The optimum temperature for the cooled heat transfer fluid 250 going to the second heat exchanger 158 is a trade-off between maintaining a safe margin over and above the estimated desublimation temperature in the intermediate product 126 (i.e. driving a higher HTF supply temperature to the second heat exchanger 158), and maximizing the temperature difference between the intermediate product 126 and HTF supply to the second heat exchanger 158, for maximum heat recovery (driving lower HTF supply temperatures). The cooler 260, which is included to enable starting up the heating system 148 without any demand yet for heat in hydroprocessing system 10, allows to establish this optimum temperature to heat exchanger 158.
The heating system 148 may also include a make-up drum 268. The make-up drum 268 may be used to store the HTF 232 not in circulation throughout the heating system 148. If a fluid level of the HTF 232 within the fluid vessel 230 drops below a desirable level (e.g., the heating system 148 liquid inventory contracts with lower temperatures), the make-up drum 268 may feed HTF 232 to the fluid vessel 230 to increase the fluid level. Conversely, if the fluid level of the HTF 232 within the fluid vessel 230 rises above a desired level (thermal expansion of the liquid inventory with higher temperature), excess HTF 232 may be bled to the make-up drum 268.
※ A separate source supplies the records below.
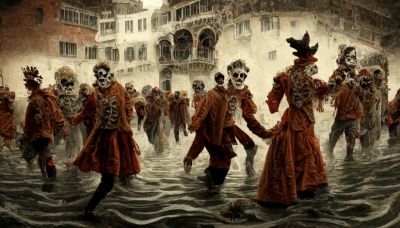 ...>>м, напоминала маскарадные костюмы, ассоциировавшиеся, прежде всего, с венецианским карнавалом, и исчезала при выходе из SCP-2264-B. Маски на территории SCP-2264-B не снимаются, но остальные предметы одежды при желании могут быть удалены. Большинство обитателей SCP-2264-B одеты аналогичным образом; исследователи отмечали органический характер их костюмов, часто описывая их как "хитиновые". Большая часть обитателей SCP-2264-B представляют собой гуманоидные сущности; им присвоено обозначение SCP-2264-1.
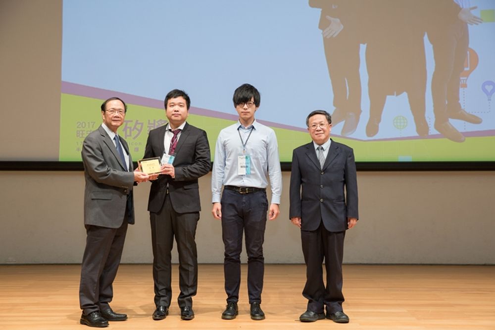 旺宏教育基金會吳敏求董事長頒發設計組評審團金獎予臺灣大學陳先哲等同學,臺大張慶瑞代理校長上台同享榮耀
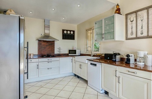 The villa is well-equipped with various amenities to ensure a comfortable stay. It features a large, open kitchen with four hot plates, an oven, dishwasher, microwave, freezer, and an electric coffee machine. Air-conditioning and forced-air heating are provided for climate control. Outside, you'll find a spacious 50 square meter terrace with furniture and deck chairs (seating for 10), offering a beautiful view of the garden. Other amenities include a washing machine, iron, children's high chair, baby cot for up to 3-year-olds, and a hair dryer. Complimentary WiFi internet access is also available.
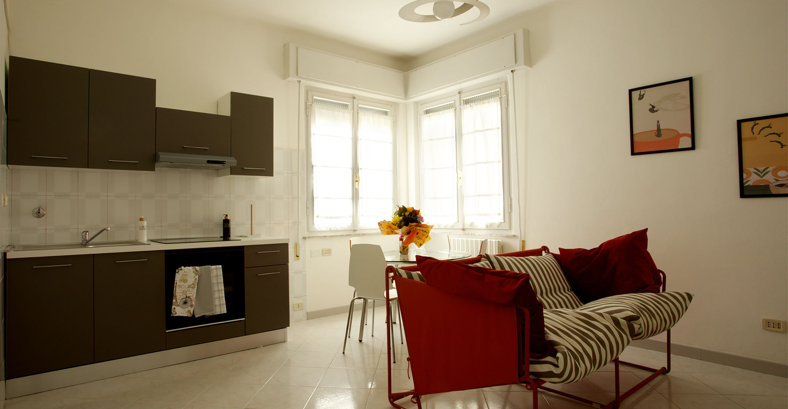 L’appartamento è dotato di tutti gli accessori ed è composto da cucina-soggiorno, due grandi camere matrimoniali e un bagno con ampia doccia.
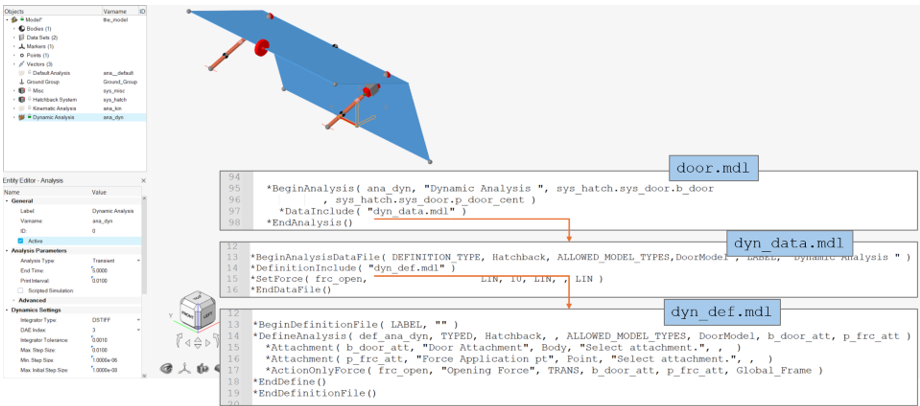 - MDLでは、*BeginAnalysisブロックを使用して配布アナリシスがインスタンス化される。このブロックには、データファイルを参照する*DataIncludeステートメントがある。このデータファイルには*BeginAnalysisDataFileブロックがあり、このブロックには定義ファイルを参照する*DefinitionIncludeがある。この定義ファイルには、*DefineAnalysisブロックを持つ*BeginDefinitionFileがある。この構造は、アセンブリエンティティの構造と一致している。
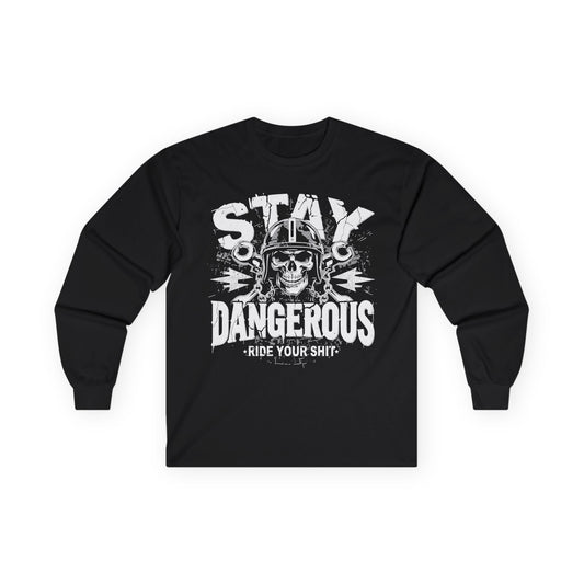 Stay Dangerous Long Sleeve Tee, Unisex Cotton Shirt, Gift for Bikers, Cool Graphic Tee, Love Yours Style
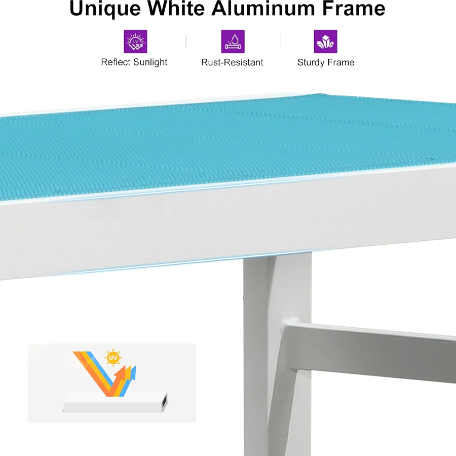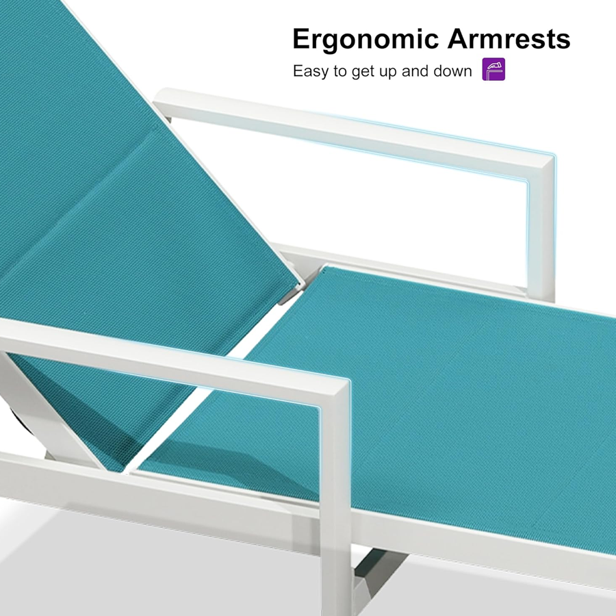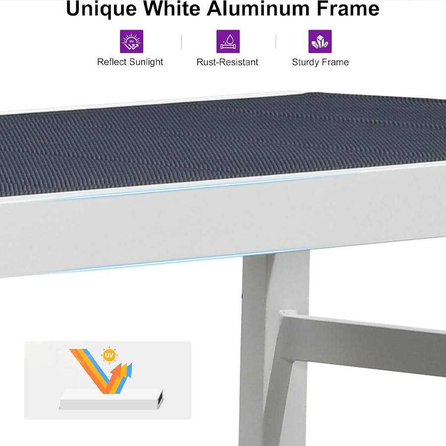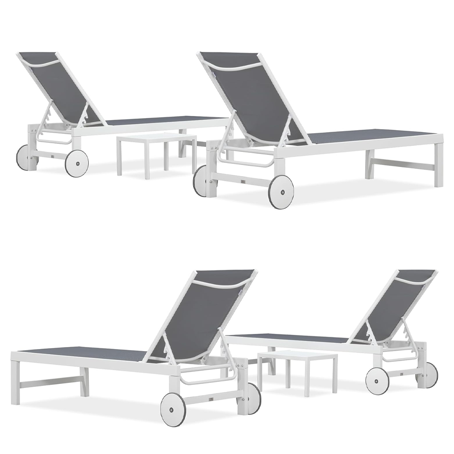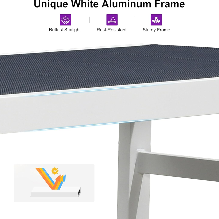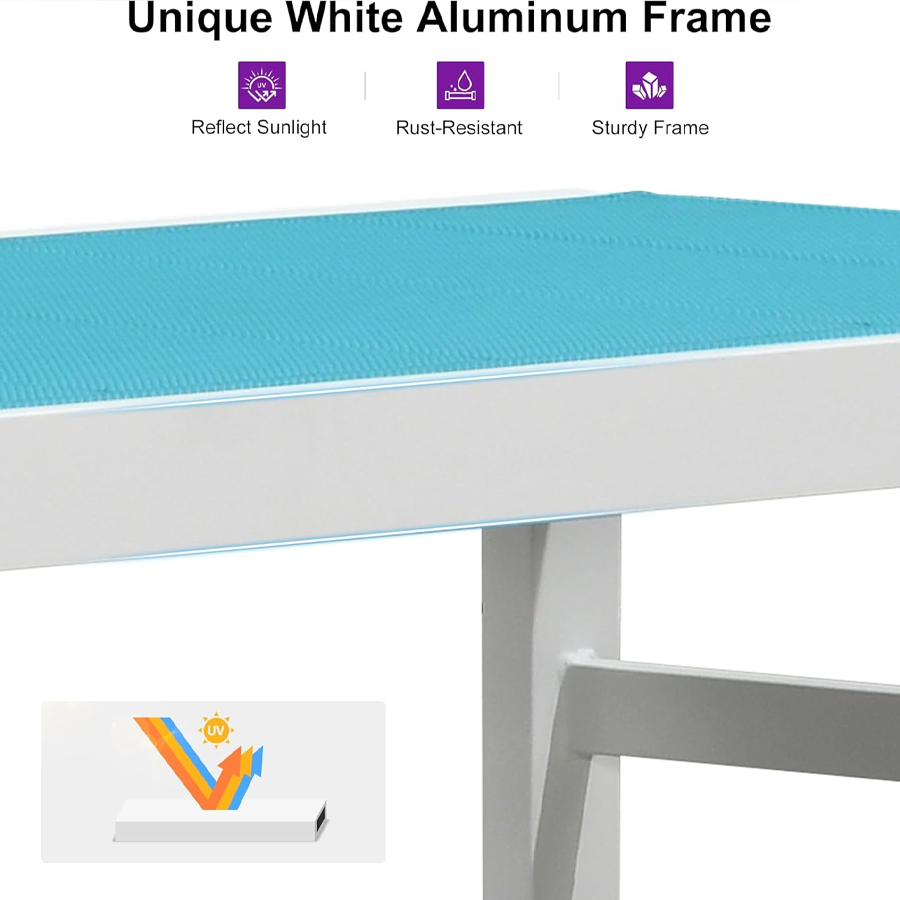 【Durable Frame】Featuring sturdy construction and weather-resistant powder-coated finish. This Patio lounge chair set is crafted with high-quality aluminum material, durable to use.
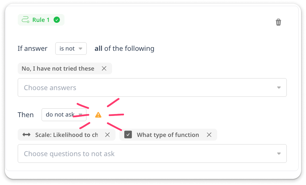 However, since this is easy to misconfigure, an icon will appear when it's set up in a way that creates the 'Ask only if' question.
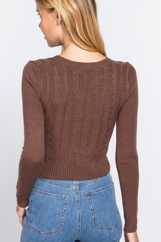 ImportedS.M.LLONG SLEEVE V-NECK CABLE SWEATER49% Viscose 29% Polyester 22% Nylon Brown ACT
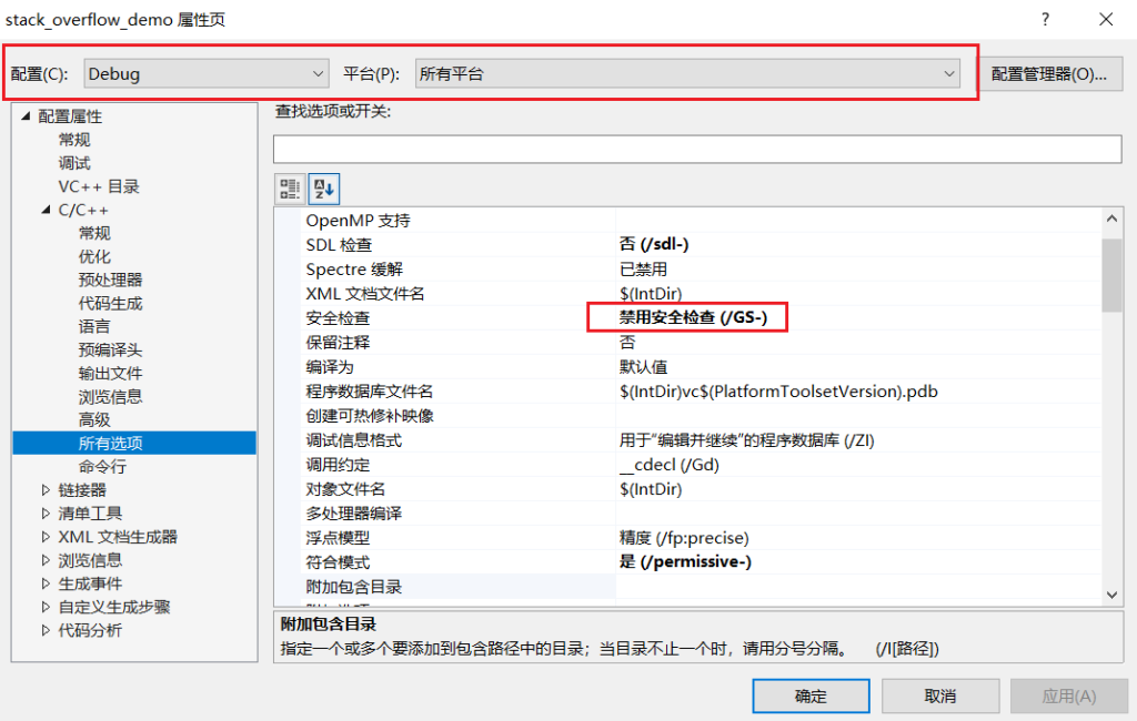 打开VS新建一个C/C++项目,输入上面的代码,注意在调试之前需要关闭栈保护机制和随机地址(ASLR)选项,否则会执行失败;右键项目-属性-C/C++-所有选项-禁用安全检查(GS):
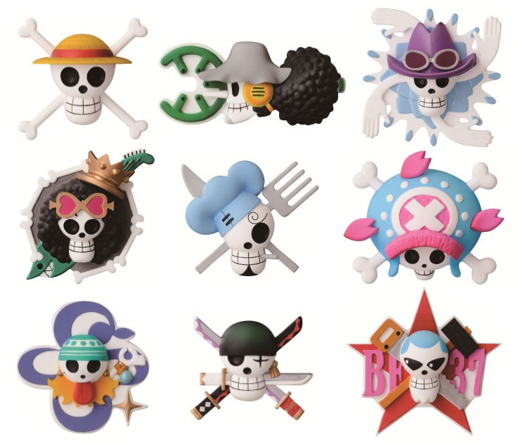 麦わらの一味それぞれの海賊旗がPOPなデザインで立体のマグネットになって勢ぞろい。
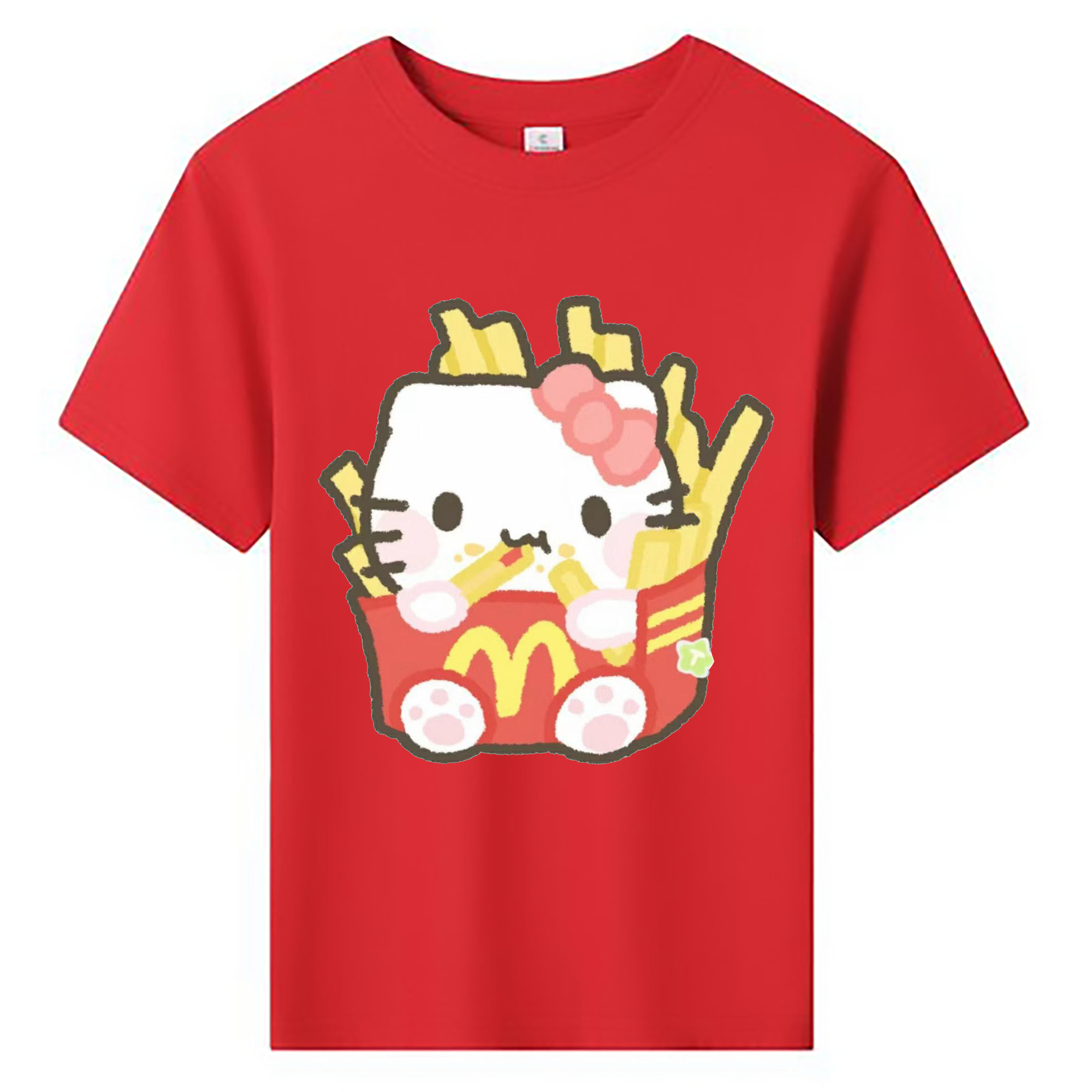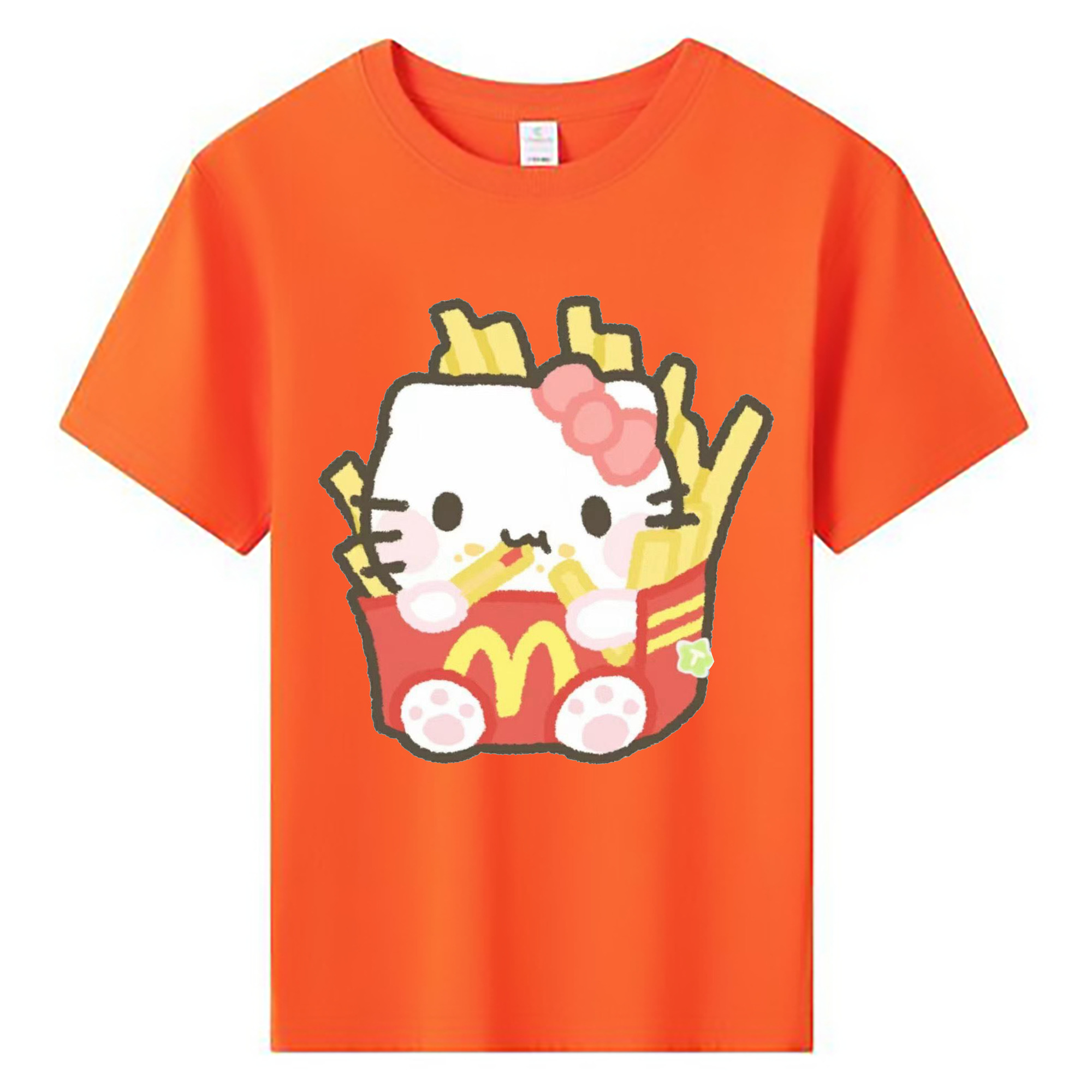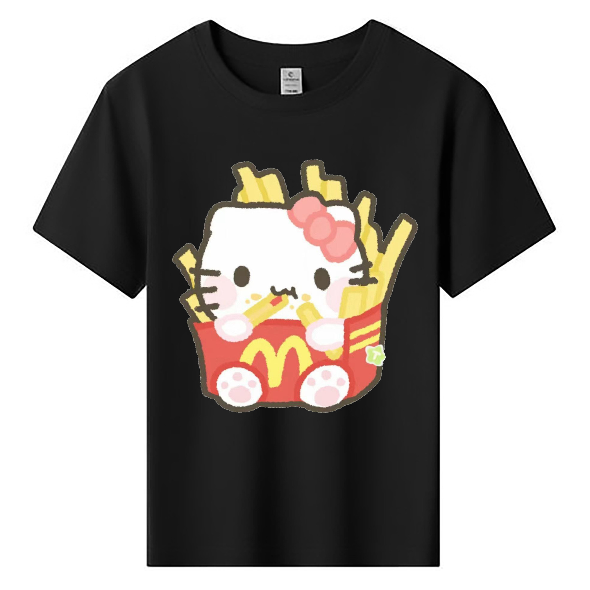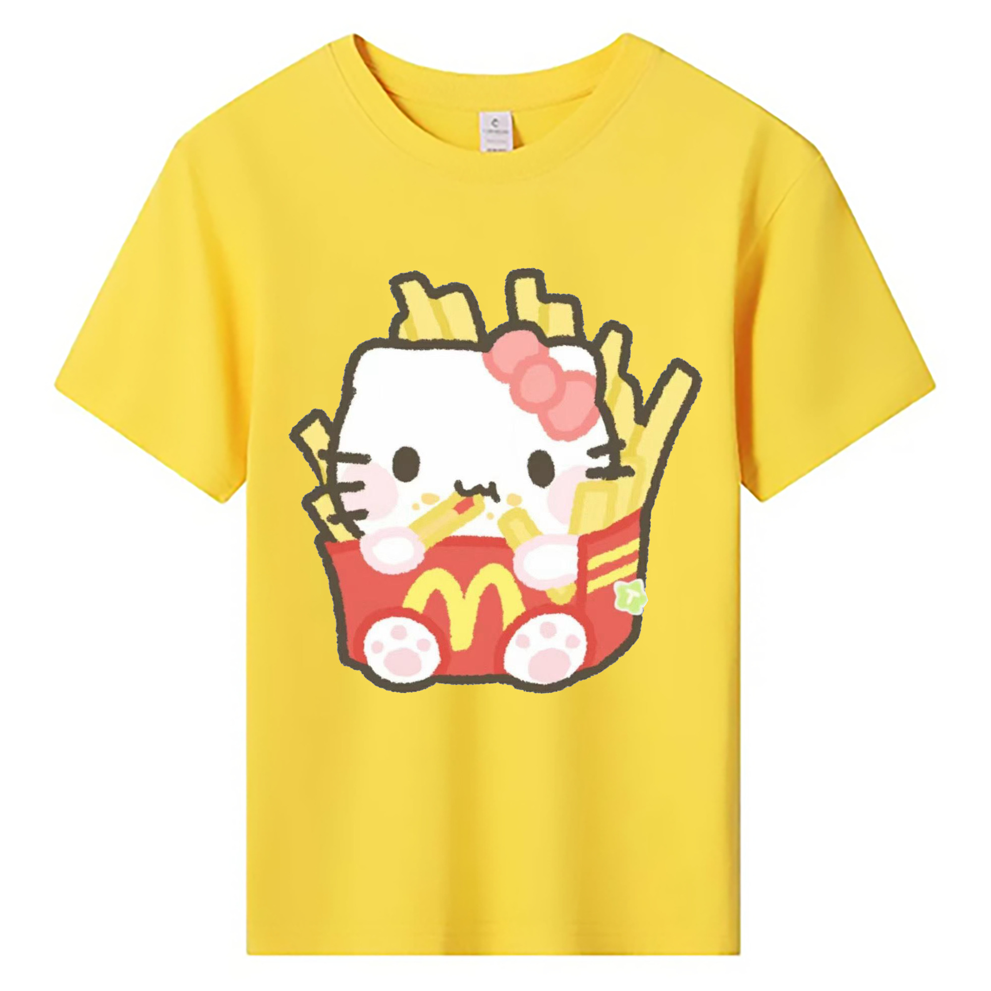 フライドポテトモチーフのハローキティ( - 綿100% ヴィンテージ風 半袖Tシャツ ・ フロントプリント ・ 柔らか肌触り ・ 通気性 快適 ・ スポーツ カジュアル 外出用

The heating system 148 includes valves to control flow of the fluids 232, 238,250, 250′, 254, 256, 262 throughout the various heat exchangers and other components of the heating system 148. In addition, the heating system 148 includes pressure and temperature sensors throughout to control the pressure and temperature of the fluids 232, 238,250, 250′, 252, 254, 256, 262, respectively, within the heating system 148. The valves and sensors of the heating system 148 are controlled by a controller (e.g., the controller 206).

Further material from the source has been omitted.